Ein Polizei-Schnellboot versuchte dies vergeblich zu verhindern. "Wir haben uns in den Weg gestellt", sagte ein italienischer Polizist. Doch wenn sie nicht ausgewichen wären, hätte die "Sea-Watch" das Schnellboot "zerstört".
Die italienische Staatsanwaltschaft hat gegen Rackete Ermittlungen eingeleitet. Vorgeworfen werden ihr laut Laut Sea-Watch-Sprecherin Giorgia Linardi unter anderem Beihilfe zur illegalen Einwanderung und Verletzung des Seerechts. Der Nachrichtenagentur Ansa zufolge drohen der 31-jährigen Kapitänin drei bis zehn Jahre Haft, weil sie gegen ein Kriegsschiff Widerstand geleistet oder Gewalt angewendet habe.
Notstand ausgerufen
Sea-Watch teilte am Samstagmorgen mit, man habe fast 60 Stunden zuvor den Notstand an Bord ausgerufen. "Niemand hörte uns zu. Niemand übernahm Verantwortung. Einmal mehr ist es an uns, die 40 Geretteten in Sicherheit zu bringen."

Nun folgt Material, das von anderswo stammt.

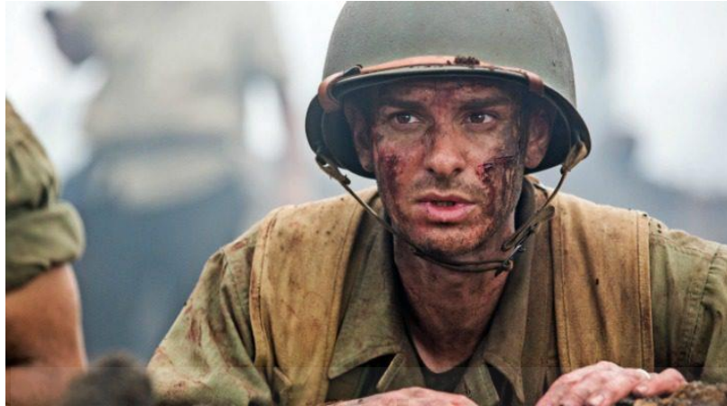
Hasta el Último Hombre (Mel Gibson, 2016)

Por último, el rojo se utiliza de manera destacada en la película para representar la violencia y el sacrificio asociados con la guerra. La sangre derramada en combate se presenta en un tono rojo intenso y vívido, subrayando el horror del conflicto. Asimismo, el ambiente de tonos rojizos que rodea este tipo de escenas puede simbolizar el sacrificio personal y la valentía de los soldados que luchan por la causa y por proteger a sus compañeros.
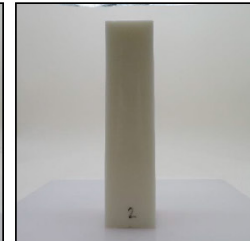
Before Burn Front - Sample 2
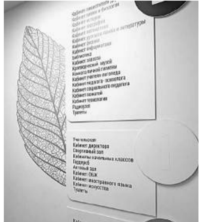
Элементы бережливых технологий в Краснояружской школе № 2
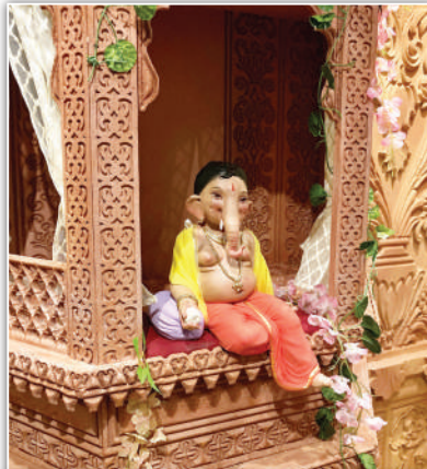
न्यू दिडोशी स्वामी समर्थ म्हाडा गणेशोत्सव मंडळाची सुंदर महालात विराजमान १२ इंचाची बाल गणेशमूर्ती. मूर्तिकार - श्रेयस सुथळे
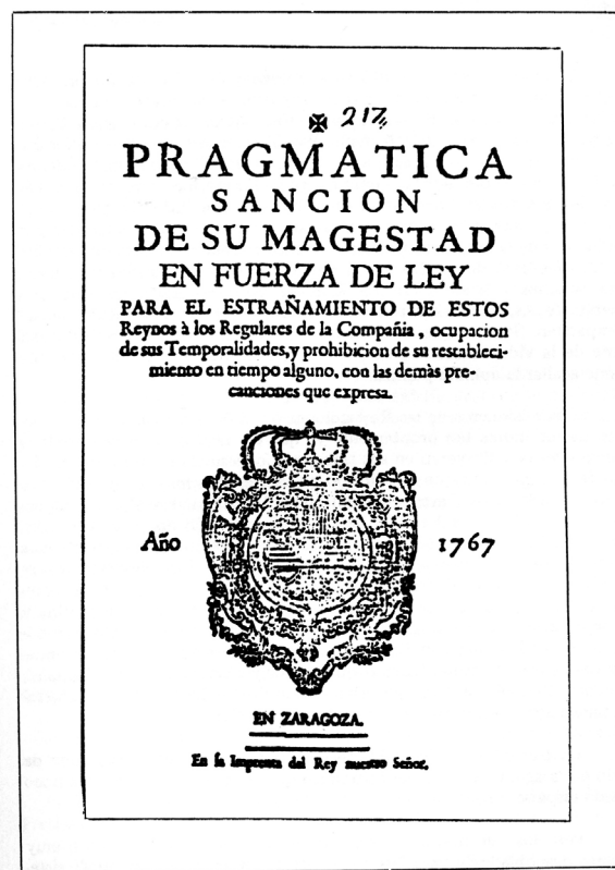
Orden de expulsión publicada en Zaragoza en 1767. Esta expulsión sucedía a las que se habían producido en Portugal (1759) y Francia (1762).

exclusividad, la importación de artículos extranjeros, negocio en el que se sustraían a todo impuesto.
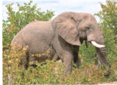
der Elefant: 4 t 800kg
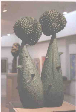
《留恋》 四川美术学院学生作品
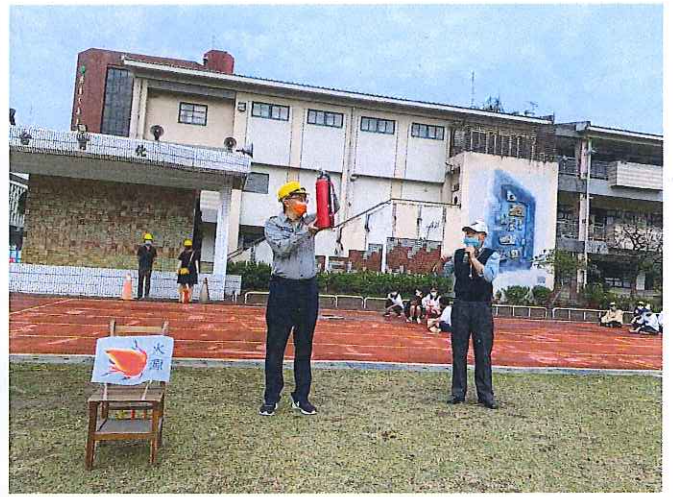
針對全校師生進行防火及逃生安全相關宣導

Die Festnahme der Sea-Watch-3-Kapitänin ist aus Sicht des Ratsvorsitzenden der Evangelischen Kirche in Deutschland eine "Schande für Europa". Er sei "traurig und zornig", sagte Landesbischof Heinrich Bedford-Strohm in Hannover. "Eine junge Frau wird in einem europäischen Land verhaftet, weil sie Menschenleben gerettet hat und die geretteten Menschen sicher an Land bringen will." Seine Gedanken und Gebete seien bei Rackete.
Seit Jahren streiten die EU-Länder über einen Mechanismus zur Verteilung der Bootsflüchtlinge. Italiens rechtspopulistischer Innenminister Matteo Salvini verlangte nun konkrete "Garantien" der aufnahmebereiten Länder, bevor die Menschen von Bord des Schiffes gehen dürften. Daneben sei die Regierung "entschlossen", gegen jeden vorzugehen, der die Gesetze gebrochen habe.